What does it mean if my report mentions special studies such as high molecular weight cytokeratin (HMWCK), CK903, CK5/6, p63, muscle specific actin, smooth muscle myosin heavy chain, calponin, or keratin?

These are special tests that the pathologist sometimes uses to help make the diagnosis of carcinoma in-situ. Not all cases need these tests. Whether your report does or does not mention these tests has no bearing on the accuracy of your diagnosis.

What if my lobular carcinoma in-situ (LCIS) is described as pleomorphic or with necrosis?

Necrosis means that some of the LCIS cells are dead. Pleomorphic means that the LCIS cells look more atypical under the microscope than the usual case of LCIS. LCIS with either of these features (when compared to LCIS without them) may be more aggressive (grow faster and be more likely to spread) and is linked to an even higher risk of invasive cancer. LCIS with either of these features may be treated differently than most cases of LCIS.

What if my report on lobular carcinoma in-situ (LCIS) mentions margins or ink?

When the entire area of LCIS is removed, the outside surface (edges) of the specimen is coated with ink, sometimes even with different colors of ink on different sides of the specimen. The pathologist looks at slides of the LCIS under the microscope to see how close the LCIS cells get to the ink (or edges of the specimen). If LCIS is touching the ink (called positive margins), it can mean that some carcinoma cells were left behind. Sometimes, though, the surgeon has already removed more tissue (at surgery) to help make sure that this isn’t needed.

Still, since LCIS doesn’t turn into invasive cancer if left behind, having positive margins often doesn’t mean that you will need more treatment. In fact, you may only need further surgery if it was pleomorphic LCIS or LCIS with necrosis, or when the LCIS caused a lump that could be felt or seen as a tumor on a mammogram.
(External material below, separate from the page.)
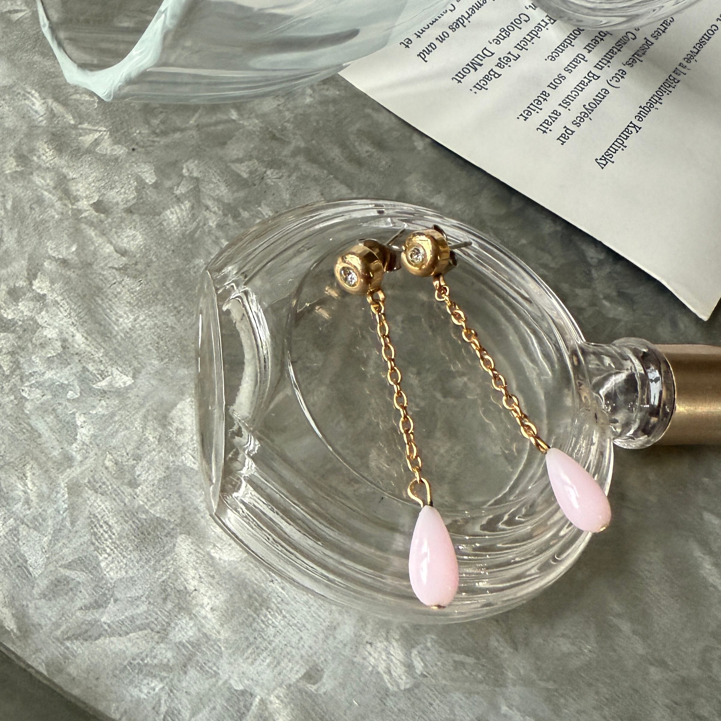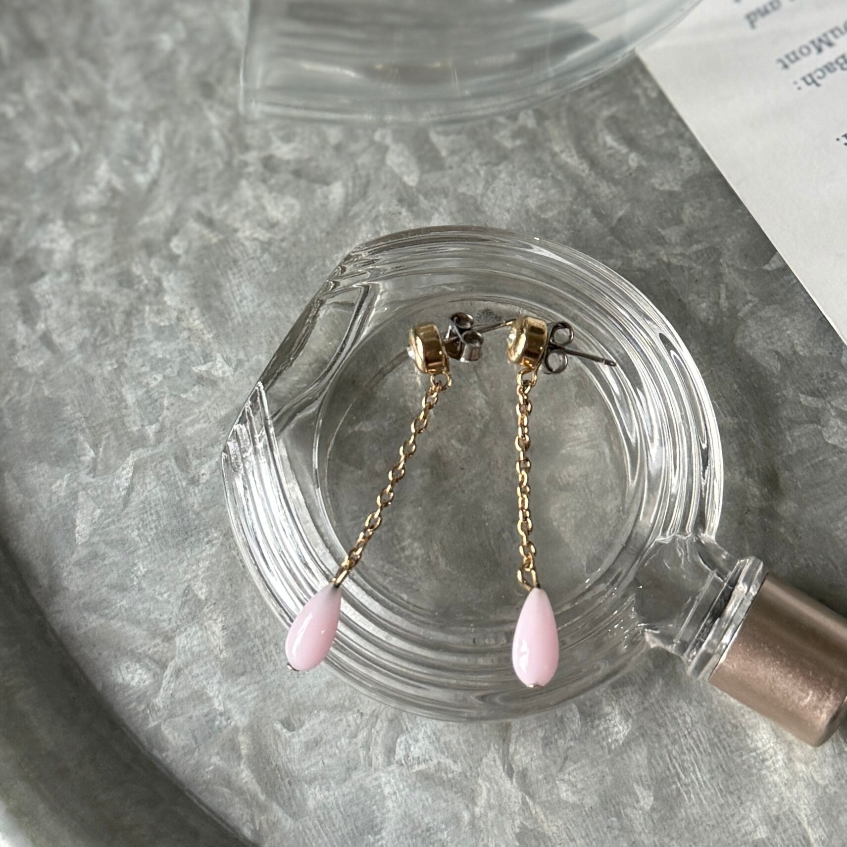 ペールピンクのドロップビーズがぶら下がる、ゴールドトーンダングルピアス。

The best way to treat LCIS with a positive margin is best discussed with your doctor.

What does it mean if my report also mentions atypical ductal hyperplasia (ADH) or atypical lobular hyperplasia (ALH)?
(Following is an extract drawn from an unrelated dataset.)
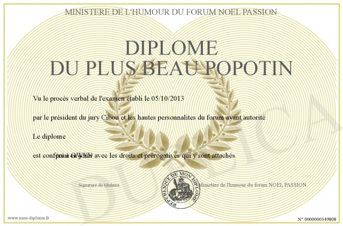 Envoyez par email votre diplome DU PLUS BEAU POPOTIN personalisé

These are benign conditions that are less serious than in-situ carcinoma. Talk with your doctor about what these findings may mean to your care.

What does it mean if my report also says any of the following terms: usual duct hyperplasia, adenosis, sclerosing adenosis, radial scar, complex sclerosing lesion, papillomatosis, papilloma, apocrine metaplasia, cysts, columnar cell change, collagenous spherulosis, duct ectasia, fibrocystic changes, flat epithelial atypia, or columnar cell change with prominent apical snouts and secretions (CAPSS)?

All of these are terms for benign (non-cancerous) changes that the pathologist sees under the microscope and are not important when seen on a biopsy where there is in-situ cancer.

What does it mean if my report mentions microcalcifications or calcifications?

Microcalcifications or calcifications are mineral deposits that can be found in both non-cancerous and cancerous breast lesions. They can be seen both on mammograms and under the microscope. Because certain calcifications are found in areas containing cancer, their presence on a mammogram may lead to a biopsy of the area. Then, when the biopsy is done, the pathologist looks at the tissue removed to be sure that it contains calcifications. If the calcifications are there, the doctor knows that the biopsy sampled the correct area (the abnormal area with calcifications that was seen on the mammogram). Microcalcifications and calcifications only matter because they are sometimes found in areas containing cancer. When they are found alone (without worrisome changes in the breast ducts or lobules), they are not important.